Estamos vivendo um exemplo de como o relativismo pode ser nefasto. Pensar que a verdade é só uma versão que ganha aceitação é uma visão filosoficamente frágil e politicamente perigosa. É frágil porque confunde causa e efeito. A proposição verdadeira é aceita porque é verdadeira e não o inverso. A aceitação não é o critério de verdade.
Tampouco se pode dizer que a verdade depende da utilidade prática. É a utilidade prática quem depende da verdade. Assim, uma proposição falsa pode ser útil, mas isso não a torna verdadeira. A verdade, no entanto, normalmente serve para resolver problemas práticos e é por isso que nós recorremos à ciência e à lógica não somente numa busca contemplativa.
Na política, acreditar que não existem verdades a não ser aquelas criadas pelas comunidades linguísticas é algo extremamente perigoso porque abandona a ética. Sem o limite mínimo da correspondência com os fatos, pode-se tudo.
É isso que o PT tenta fazer com esse episódio da agressão a José Serra. Não querem reconhecer um fato, gravado por câmeras e confirmado por peritos. Serra foi agredido por outro objeto, que não uma bolinha de papel. Assim, ao contrário do que disse Lula, não houve farsa alguma.
Mesmo depois de desmascarado o erro do SBT, alguns petistas teimam em reconhecer a verdade e se voltam contra a Rede Globo. Falam como se pudessem, pela repetição, transformar uma mentira em verdade.
Em homenagem a essa turma, cito um trecho de 1984, de George Orwell:
– Lembras-te de escrever no teu diário: “Liberdade é a liberdade de escrever que dois e dois são quatro?”
– Lembro.
O’Brien mostrou a mão esquerda, de dorso para Winston, com o polegar oculto e mostrando quatro dedos.
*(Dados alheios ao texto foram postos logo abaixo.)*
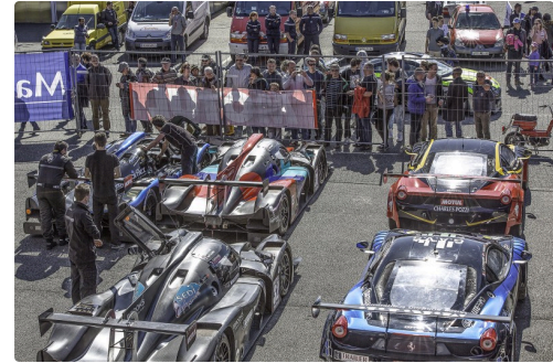
Les GT/Prototypes FFSA ont eu beaucoup d'admirateurs au parking

– Quantos dedos tenho aqui, Winston?
– Quatro.
– E se o Partido disser que não são quatro, mas cinco... quantos?
– Quatro.
A palavra acabou numa exclamação de dor. O ponteiro do mostrador fora até cinqüenta e cinco. O suor brotara em todo o corpo de Winston. O ar rasgava-lhe os pulmões e saía de novo em profundos gemidos que nem mesmo trincando os dentes ele conseguia calar. O’Brien observava-o, com os quatro dedos ainda estendidos. Puxou a alavanca. Desta vez a dor apenas diminuiu um pouco.